[INPUT DATA — start]

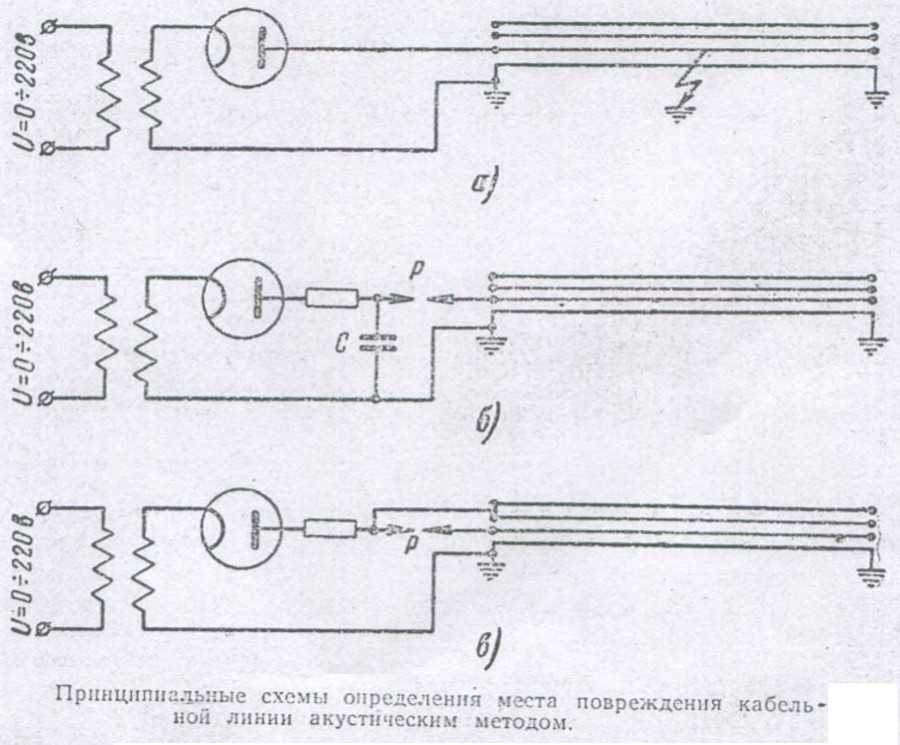 Акустический метод предусматривает использование приемника и электрогенератора мощных ударных импульсов. Конденсатор генератора присоединяют к кабелю, и когда разрядник срабатывает, напряжение в линии создаёт электромагнитную волну, происходит сильнейшее пробивание, сопровождающееся щелчком в области неисправности. Оператор улавливает щелчки при помощи акустического прибора.
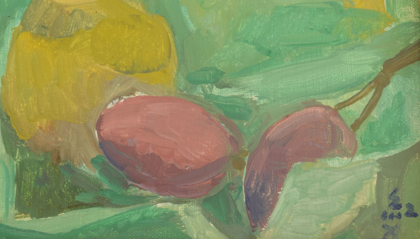 Koko Fukazawa (1903-1993), Japan. Oil on canvas. Arrangement with fruits. Mid-20th century.
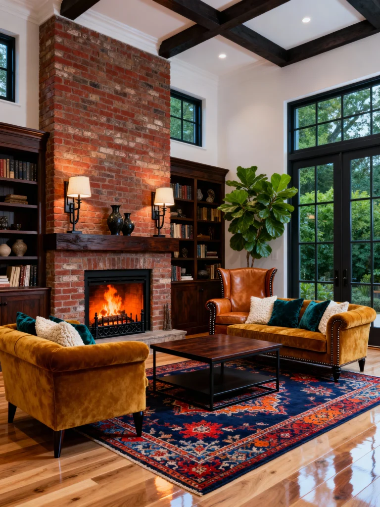 This room is giving me major “sophisticated professor” vibes in the best way possible. That floor-to-ceiling brickwork is such a bold statement, especially tucked between those dark wood built-ins. I love how the velvet mustard chairs pop against the deep blue rug—it’s a color palette that feels expensive but lived-in. If you have high ceilings and dark beams like this, lean into the drama!
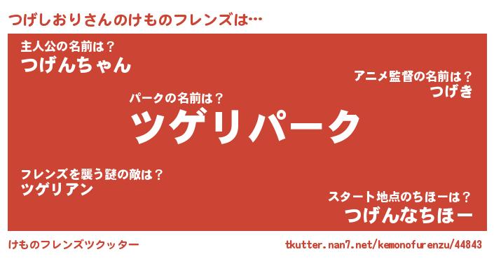 | ヒーロー風カッコイイあだ名 | 『最強戦士ツゲシオリ』『仮面ツゲダー』 |
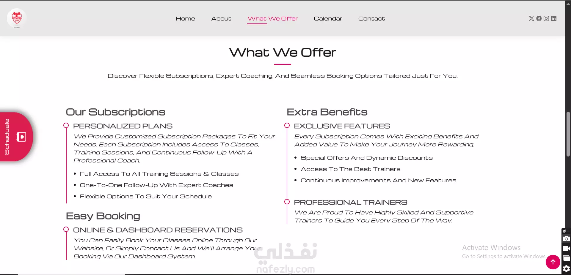 الموقع عبارة عن صفحة واحدة (Single Page Application) تم تصميمها لتكون واجهة تفاعلية تسهّل على الزوار التعرف على الصالة الرياضية، متابعة العروض، استعراض الجدول، وحجز الكلاسات مباشرة. ✨ المميزات الرئيسية: 🏠 الصفحة الرئيسية (Home) تصميم بسيط وجذاب يعرض لمحة عامة عن الصالة الرياضية. قسم "About Us" للتعريف بالصالة وخدماتها. قسم "What We Offer" يوضح الخدمات والباقات المتاحة. 🎉 العروض (Offers) يوجد أنيميشن (Animation) مميز يعرض آخر العروض المتاحة بشكل ديناميكي وجذاب. 📅 الكلاسات (Classes & Calendar) إمكانية استعراض جدول الكلاسات عبر تقويم (Calendar) تفاعلي. يمكن للزائر حجز كلاس مباشرة من خلال التقويم. إظهار تفاصيل الكلاسات (اليوم – الوقت – المدرب – الأماكن المتاحة). 📩 تواصل معنا (Contact Us) فورم (Form) بسيط يسمح للزوار بإرسال رسالة أو استفسار. الرسائل يتم استقبالها في النظام، مع إمكانية الرد عليها لاحقاً عبر البريد الإلكتروني. ⚙️ مميزات إضافية: واجهة مستخدم تفاعلية وسهلة باستخدام Animation وTransitions. تصميم متجاوب (Responsive Design) يعمل بكفاءة على جميع الأجهزة (موبايل – تابلت – كمبيوتر). تجربة سلسة ومترابطة مع نظام الإدارة (Dashboard) حيث يمكن ربط الحجوزات والرسائل مباشرة بالداشبورد. 🎯 الهدف من الموقع: أن يكون واجهة تعريفية وتسويقية للصالة الرياضية. توفير وسيلة سريعة وبسيطة للحجز والاستفسار. جذب العملاء الجدد من خلال عرض الخدمات والعروض بشكل واضح وجذاب.
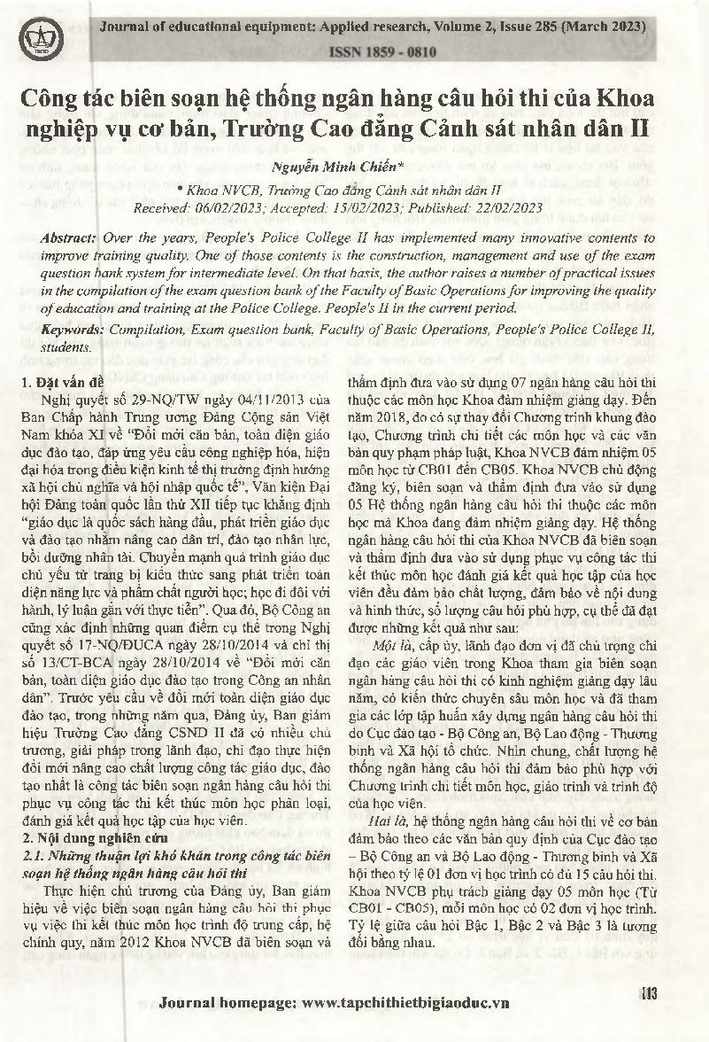 Công tác biên soạn hệ thống ngân hàng câu hỏi thi của Khoa nghiệp vụ cơ bản, Trường Cao đẳng Cảnh sát nhân dân II = Compilation of the exam question bank system of the basic professional department at People's Police College II
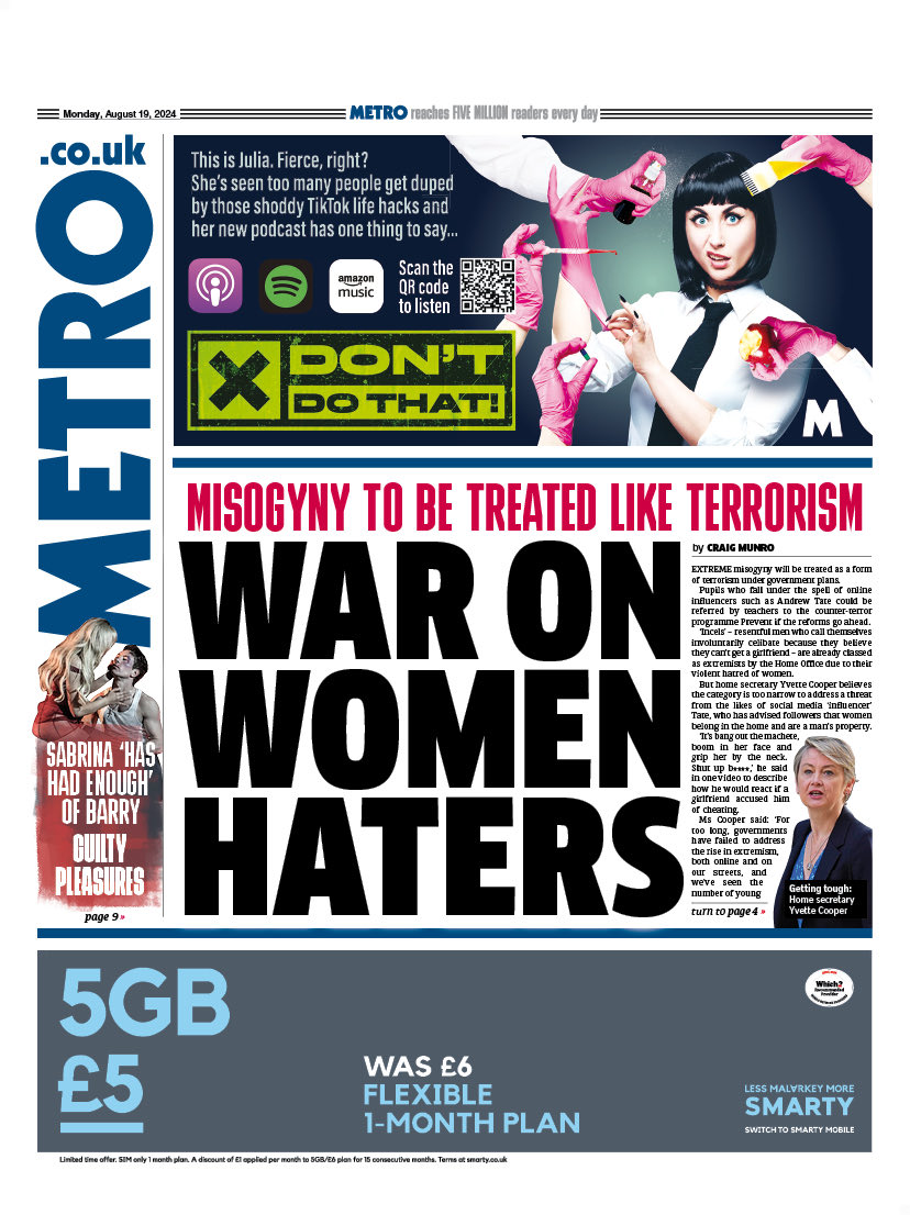 Extreme misogyny will be treated as a form of terrorism under new government plans, with officials suggesting that those who commit such acts could be subjected to similar interventions as other forms of extremist behaviour.
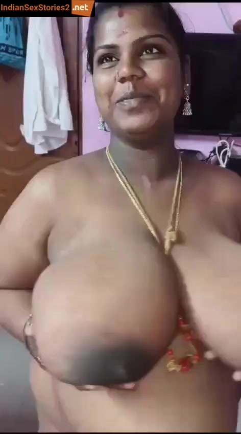 Mrudala is happy while showing her milk filled tanker boobs. Tamil housewife is so busty when it comes to her chest and ass. And look at the muscular growth on those boobs man. She is barely able to hold each boob in one hand. She is kind of weighing them up and showing it to the guy who made this xxx blue film.
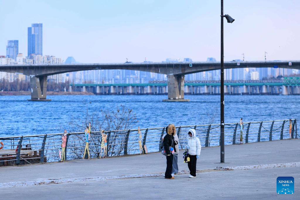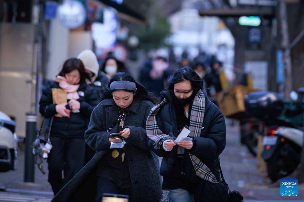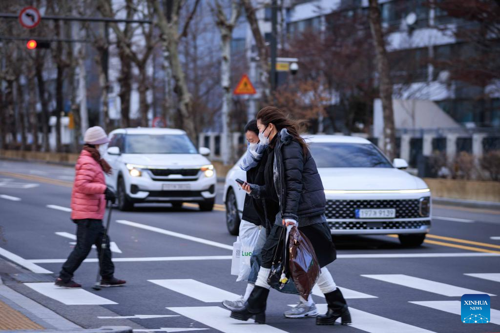 People walk on a street in Seoul, South Korea, Jan. 9, 2025. South Korea witnessed a sharp drop in temperature, with the lowest temperature in Seoul reaching minus 17 degrees Celsius. (Photo by Park Jintaek/Xinhua)

[INPUT DATA — finish]

* [WHAT TO PRODUCE]: Every line in the data above needs to be given again exactly, pictures aside.

* [EXPECTED ANSWER]:
 Акустический метод предусматривает использование приемника и электрогенератора мощных ударных импульсов. Конденсатор генератора присоединяют к кабелю, и когда разрядник срабатывает, напряжение в линии создаёт электромагнитную волну, происходит сильнейшее пробивание, сопровождающееся щелчком в области неисправности. Оператор улавливает щелчки при помощи акустического прибора.
 Koko Fukazawa (1903-1993), Japan. Oil on canvas. Arrangement with fruits. Mid-20th century.
 This room is giving me major “sophisticated professor” vibes in the best way possible. That floor-to-ceiling brickwork is such a bold statement, especially tucked between those dark wood built-ins. I love how the velvet mustard chairs pop against the deep blue rug—it’s a color palette that feels expensive but lived-in. If you have high ceilings and dark beams like this, lean into the drama!
 | ヒーロー風カッコイイあだ名 | 『最強戦士ツゲシオリ』『仮面ツゲダー』 |
 الموقع عبارة عن صفحة واحدة (Single Page Application) تم تصميمها لتكون واجهة تفاعلية تسهّل على الزوار التعرف على الصالة الرياضية، متابعة العروض، استعراض الجدول، وحجز الكلاسات مباشرة. ✨ المميزات الرئيسية: 🏠 الصفحة الرئيسية (Home) تصميم بسيط وجذاب يعرض لمحة عامة عن الصالة الرياضية. قسم "About Us" للتعريف بالصالة وخدماتها. قسم "What We Offer" يوضح الخدمات والباقات المتاحة. 🎉 العروض (Offers) يوجد أنيميشن (Animation) مميز يعرض آخر العروض المتاحة بشكل ديناميكي وجذاب. 📅 الكلاسات (Classes & Calendar) إمكانية استعراض جدول الكلاسات عبر تقويم (Calendar) تفاعلي. يمكن للزائر حجز كلاس مباشرة من خلال التقويم. إظهار تفاصيل الكلاسات (اليوم – الوقت – المدرب – الأماكن المتاحة). 📩 تواصل معنا (Contact Us) فورم (Form) بسيط يسمح للزوار بإرسال رسالة أو استفسار. الرسائل يتم استقبالها في النظام، مع إمكانية الرد عليها لاحقاً عبر البريد الإلكتروني. ⚙️ مميزات إضافية: واجهة مستخدم تفاعلية وسهلة باستخدام Animation وTransitions. تصميم متجاوب (Responsive Design) يعمل بكفاءة على جميع الأجهزة (موبايل – تابلت – كمبيوتر). تجربة سلسة ومترابطة مع نظام الإدارة (Dashboard) حيث يمكن ربط الحجوزات والرسائل مباشرة بالداشبورد. 🎯 الهدف من الموقع: أن يكون واجهة تعريفية وتسويقية للصالة الرياضية. توفير وسيلة سريعة وبسيطة للحجز والاستفسار. جذب العملاء الجدد من خلال عرض الخدمات والعروض بشكل واضح وجذاب.
 Công tác biên soạn hệ thống ngân hàng câu hỏi thi của Khoa nghiệp vụ cơ bản, Trường Cao đẳng Cảnh sát nhân dân II = Compilation of the exam question bank system of the basic professional department at People's Police College II
 Extreme misogyny will be treated as a form of terrorism under new government plans, with officials suggesting that those who commit such acts could be subjected to similar interventions as other forms of extremist behaviour.
 Mrudala is happy while showing her milk filled tanker boobs. Tamil housewife is so busty when it comes to her chest and ass. And look at the muscular growth on those boobs man. She is barely able to hold each boob in one hand. She is kind of weighing them up and showing it to the guy who made this xxx blue film.
 People walk on a street in Seoul, South Korea, Jan. 9, 2025. South Korea witnessed a sharp drop in temperature, with the lowest temperature in Seoul reaching minus 17 degrees Celsius. (Photo by Park Jintaek/Xinhua)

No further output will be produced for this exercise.